• Task to complete
What you return should be the full listing, copied exactly and stripped of its pictures.

---------- Dataset section ----------

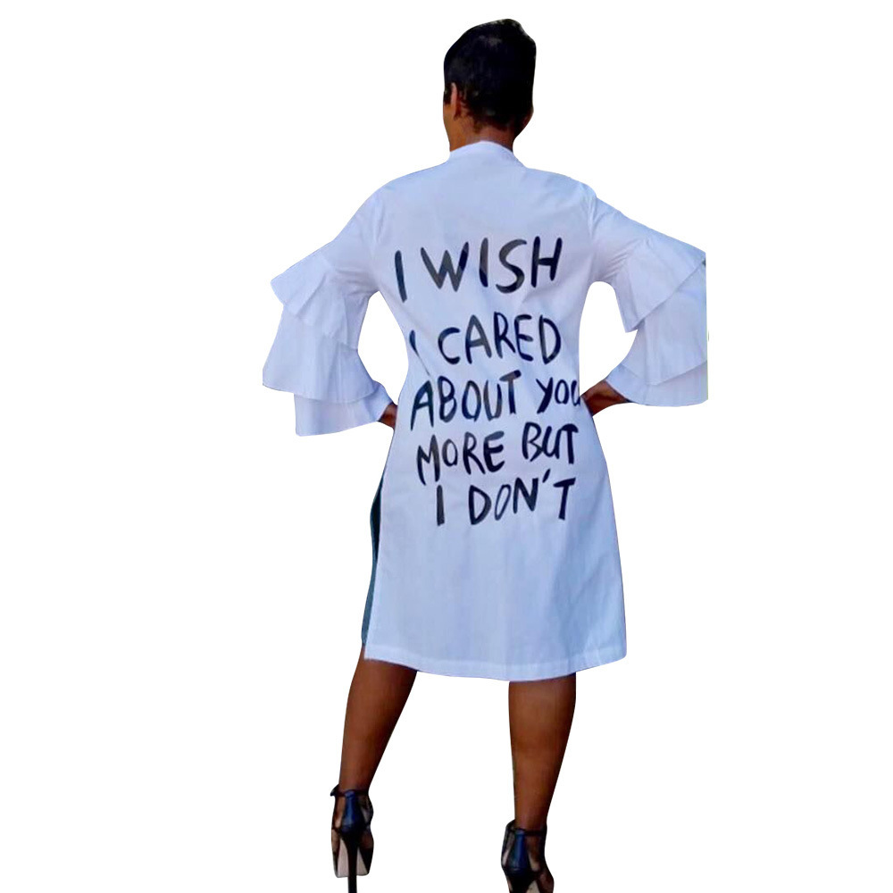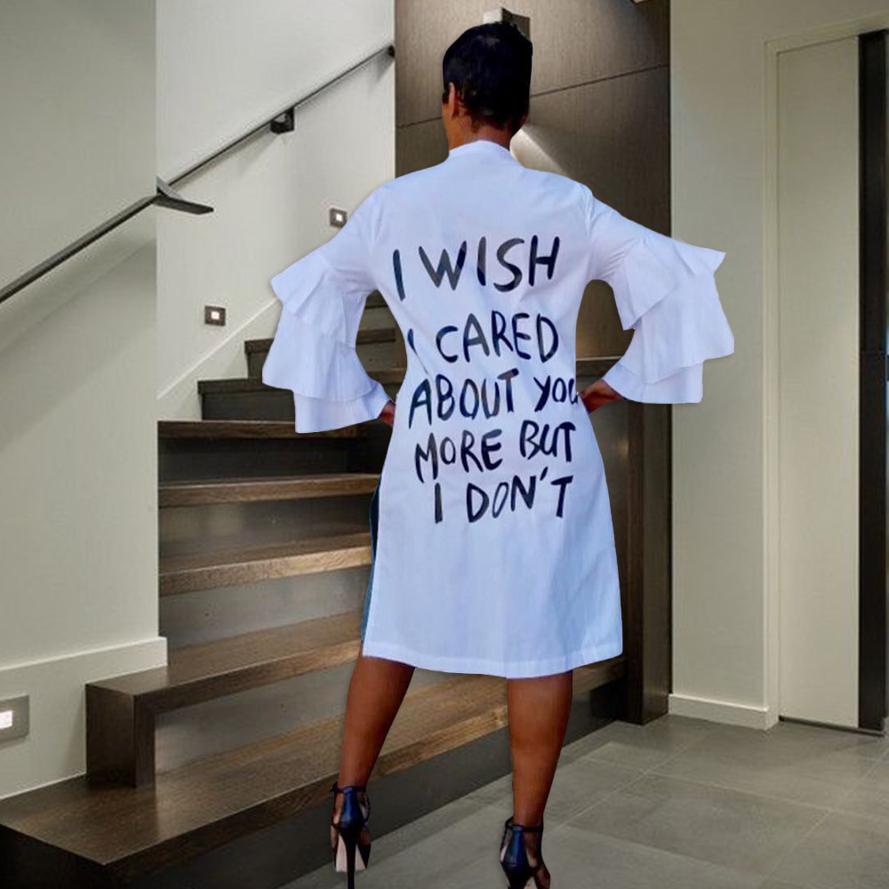 This Women's Autumn & Winter Letter Print Ruffle Sleeve Fashion Dress Design Made Of High Quality polyester And Spandex Material. It Is Stretchy, Durable And Comfortable. Casual Dresses With Long Sleeves Can Not Only Be Worn As Outerwear In Spring And Autumn, But Also Matching a Jacket In Winter, It Is a Must Have Item For Every Season. Grab Really Great Buy Casual Dresses For Women And Grow Your Business. No Moq In BamBam.
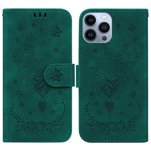 Estuche para Teléfono iPhone 15 Pro Butterfly Rose Cuero en Relieve (Verde)
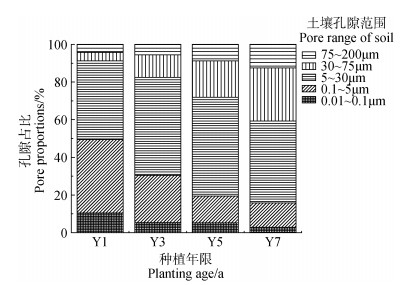图 2 不同种植年限处理土壤孔隙组成 Fig. 2 Soil pore composition in different planting years |

----------

• Reply
 This Women's Autumn & Winter Letter Print Ruffle Sleeve Fashion Dress Design Made Of High Quality polyester And Spandex Material. It Is Stretchy, Durable And Comfortable. Casual Dresses With Long Sleeves Can Not Only Be Worn As Outerwear In Spring And Autumn, But Also Matching a Jacket In Winter, It Is a Must Have Item For Every Season. Grab Really Great Buy Casual Dresses For Women And Grow Your Business. No Moq In BamBam.
 Estuche para Teléfono iPhone 15 Pro Butterfly Rose Cuero en Relieve (Verde)
图 2 不同种植年限处理土壤孔隙组成 Fig. 2 Soil pore composition in different planting years |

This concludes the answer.